Syntax verified against PostgreSQL 16, MySQL 8.0, SQL Server 2022.

select distinct count sql Syntax Reference

-- Multi-column distinct count (SQL standard using concatenation or tuple)
SELECT COUNT(DISTINCT col1 || '-' || col2) FROM table_name;
-- Modern engines (PostgreSQL, SQLite 3.33+, MySQL 8.0+):
SELECT COUNT(DISTINCT (col1, col2)) FROM table_name;

-- Equivalent using derived table (works on all engines)
SELECT COUNT(*) FROM (
    SELECT DISTINCT col1, col2 FROM table_name WHERE condition
) AS dt;

-- Count per group with DISTINCT
SELECT group_col, COUNT(DISTINCT value_col) FROM table_name GROUP BY group_col;

select distinct count sql Rapid Reference Cheat Sheet

Action SQL Clause Engine Context Key Flag / Syntax Impact / Result
Count unique values in one column COUNT(DISTINCT col) All SQL engines DISTINCT inside COUNT() Returns cardinality of the column (NULLs excluded)
Count unique combinations of two columns COUNT(DISTINCT (a, b)) PostgreSQL, MySQL 8.0+, SQLite 3.33+ Row-constructor syntax Counts distinct unordered tuples
Count unique combinations (fallback) SELECT COUNT(*) FROM (SELECT DISTINCT a, b FROM t) AS dt All SQL engines Derived table with DISTINCT Universally portable; slight overhead from subquery
Count distinct values per group SELECT g, COUNT(DISTINCT c) FROM t GROUP BY g All SQL engines GROUP BY + COUNT(DISTINCT) Cardinality per partition
Count distinct with NULL sensitivity COUNT(DISTINCT COALESCE(col, 'NULL_PLACEHOLDER')) All SQL engines COALESCE to replace NULL Counts NULL as a distinct value instead of ignoring it
Count distinct across multiple tables SELECT COUNT(DISTINCT t1.col) FROM t1 JOIN t2 ON t1.id = t2.id All SQL engines Join + COUNT(DISTINCT) Cardinality after join, potentially large intermediate result set
Performance-optimized distinct count (approximate) SELECT COUNT(DISTINCT col) FROM table SAMPLE (1 PERCENT) PostgreSQL, Snowflake, BigQuery SAMPLE / TABLESAMPLE Reduces I/O; result is statistical estimate
See also  Concat In SQL: Syntax, Flags, Examples & Troubleshooting Guide

Advanced Implementation & Parameters

Behavior Across Major Engines

COUNT(DISTINCT column) is part of the SQL-92 standard, but engine-specific quirks affect its execution:

  • PostgreSQL — Uses a hash-based aggregation (HashAggregate) when work_mem is sufficient; falls back to disk-based sort. COUNT(DISTINCT (a, b)) is supported natively as row-constructor.
  • MySQL 8.0+ — Supports COUNT(DISTINCT col) and COUNT(DISTINCT col1, col2) (comma-separated list, not tuple syntax). The comma form counts distinct combinations of two expressions.
  • SQL Server 2022 — Only accepts a single expression inside COUNT(DISTINCT). Multi-column distinct count must use the derived-table pattern. COUNT(DISTINCT col1 + col2) is valid but semantically dangerous (concatenation vs. tuple).
  • SQLite 3.33+ — Supports COUNT(DISTINCT (a, b)) row-constructor like PostgreSQL.
  • BigQueryCOUNT(DISTINCT) is exact up to approximately 1e12 cardinality; beyond that, use APPROX_COUNT_DISTINCT for performance.
  • SnowflakeCOUNT(DISTINCT) always returns an exact count; APPROX_COUNT_DISTINCT available for large datasets.

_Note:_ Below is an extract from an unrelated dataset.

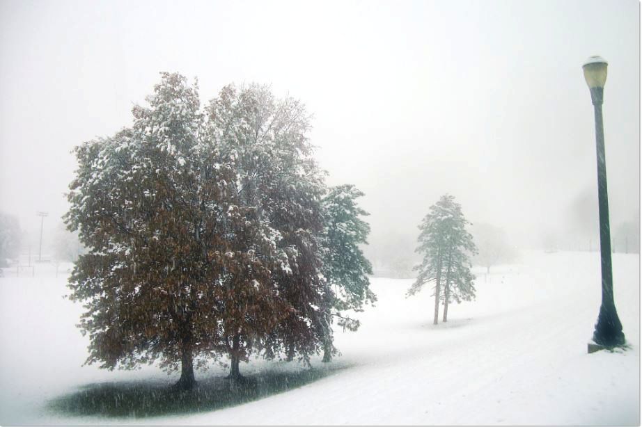 The trees are bare and vulnerable to the icy caress

Performance Characteristics

COUNT(DISTINCT) forces a sort or hash of the distinct values before the count. For large cardinalities, this can consume significant memory and I/O. Query planners typically show a HashAggregate or Unique followed by Aggregate node. The derived-table pattern SELECT COUNT(*) FROM (SELECT DISTINCT ...) produces the same plan on most engines but may be easier to tune with index hints.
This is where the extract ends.